# [What the exercise asks]
With the pictures omitted, print exactly the lines below, from the one containing "시인 박인환 유택 곁에" through the one containing "Colar artesanal de", and nothing else.

# [Records provided]

:::

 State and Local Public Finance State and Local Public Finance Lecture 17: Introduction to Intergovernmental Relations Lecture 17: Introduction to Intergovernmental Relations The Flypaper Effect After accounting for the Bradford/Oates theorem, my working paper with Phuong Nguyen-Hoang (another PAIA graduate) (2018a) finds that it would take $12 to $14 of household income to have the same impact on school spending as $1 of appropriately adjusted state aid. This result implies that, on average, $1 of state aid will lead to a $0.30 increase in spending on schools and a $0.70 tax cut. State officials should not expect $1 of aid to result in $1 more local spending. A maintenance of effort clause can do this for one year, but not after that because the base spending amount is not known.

:::

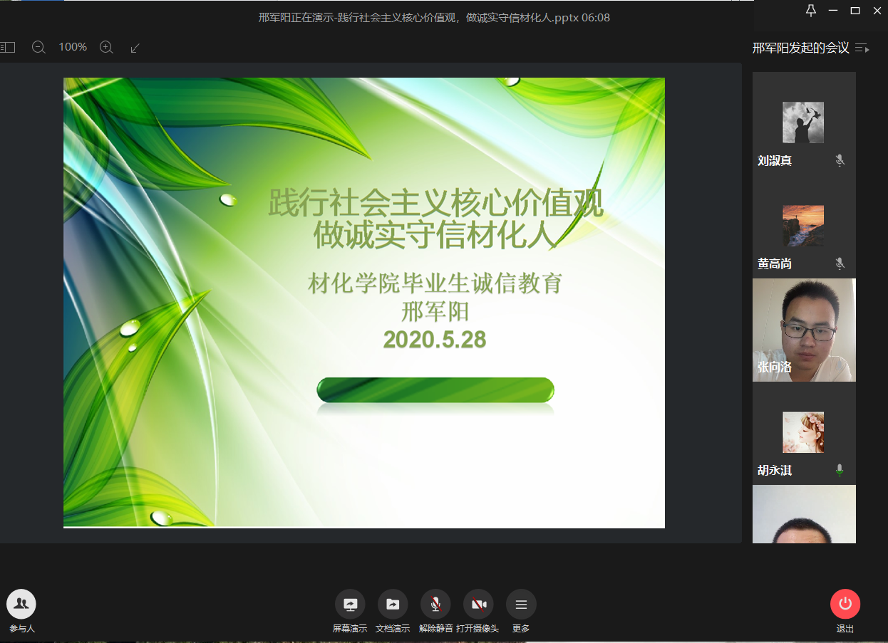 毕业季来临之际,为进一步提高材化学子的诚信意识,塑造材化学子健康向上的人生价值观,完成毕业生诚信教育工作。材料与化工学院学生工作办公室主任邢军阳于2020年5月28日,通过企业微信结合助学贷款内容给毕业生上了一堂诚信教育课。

:::

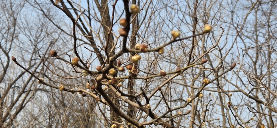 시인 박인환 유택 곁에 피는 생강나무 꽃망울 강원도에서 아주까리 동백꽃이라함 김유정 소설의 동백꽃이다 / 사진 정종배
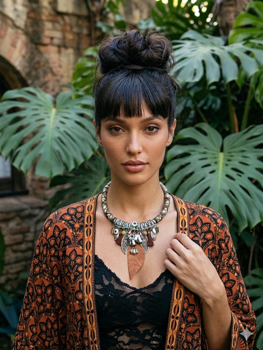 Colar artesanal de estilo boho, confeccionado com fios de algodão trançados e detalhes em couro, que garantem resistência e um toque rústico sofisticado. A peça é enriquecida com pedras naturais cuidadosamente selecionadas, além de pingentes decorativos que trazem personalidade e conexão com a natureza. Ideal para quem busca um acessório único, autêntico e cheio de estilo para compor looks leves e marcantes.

:::

# [Completed exercise]
 시인 박인환 유택 곁에 피는 생강나무 꽃망울 강원도에서 아주까리 동백꽃이라함 김유정 소설의 동백꽃이다 / 사진 정종배
 Colar artesanal de estilo boho, confeccionado com fios de algodão trançados e detalhes em couro, que garantem resistência e um toque rústico sofisticado. A peça é enriquecida com pedras naturais cuidadosamente selecionadas, além de pingentes decorativos que trazem personalidade e conexão com a natureza. Ideal para quem busca um acessório único, autêntico e cheio de estilo para compor looks leves e marcantes.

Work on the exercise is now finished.